** Opening Collected data block **

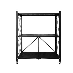 Raft metalic pliabil pe roți cu 3 rafturi. Suprafață elegantă cu găuri pe rafturi și țevi laterale care împiedică căderea obiectelor. Partea superioară a suportului se poate deschide.
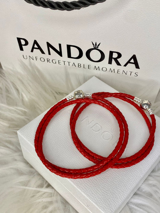 Pulsera Moments en Leather Trenzado Rojo cierre redondo
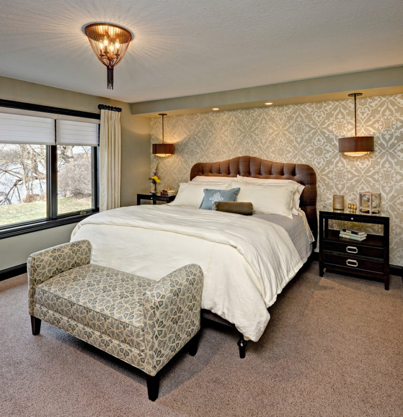 Дизайнеры рекомендуют выбирать светлые обои для спальни. Они могут содержать легкую фактуру, тем самым интерьер смотрится стильным и модным.
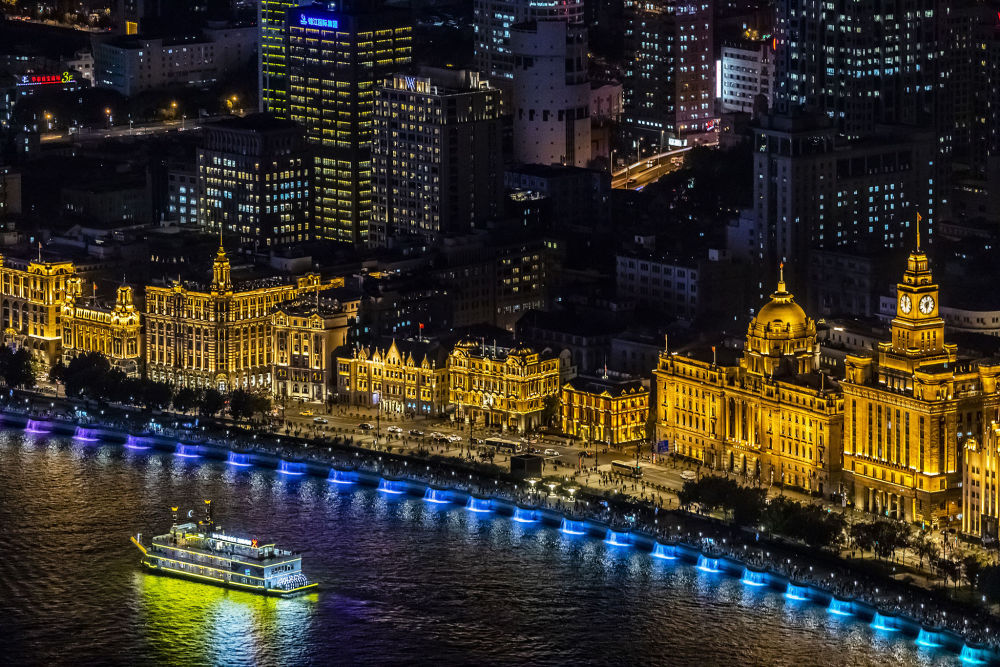 ↑2018年11月2日,游船經(jīng)過上海外灘建筑群。

** Closing Collected data block **

- **Activity**
The whole listing should be reproduced exactly. Images don't go in.

- **Answer to this exercise**
 Raft metalic pliabil pe roți cu 3 rafturi. Suprafață elegantă cu găuri pe rafturi și țevi laterale care împiedică căderea obiectelor. Partea superioară a suportului se poate deschide.
 Pulsera Moments en Leather Trenzado Rojo cierre redondo
 Дизайнеры рекомендуют выбирать светлые обои для спальни. Они могут содержать легкую фактуру, тем самым интерьер смотрится стильным и модным.
 ↑2018年11月2日,游船經(jīng)過上海外灘建筑群。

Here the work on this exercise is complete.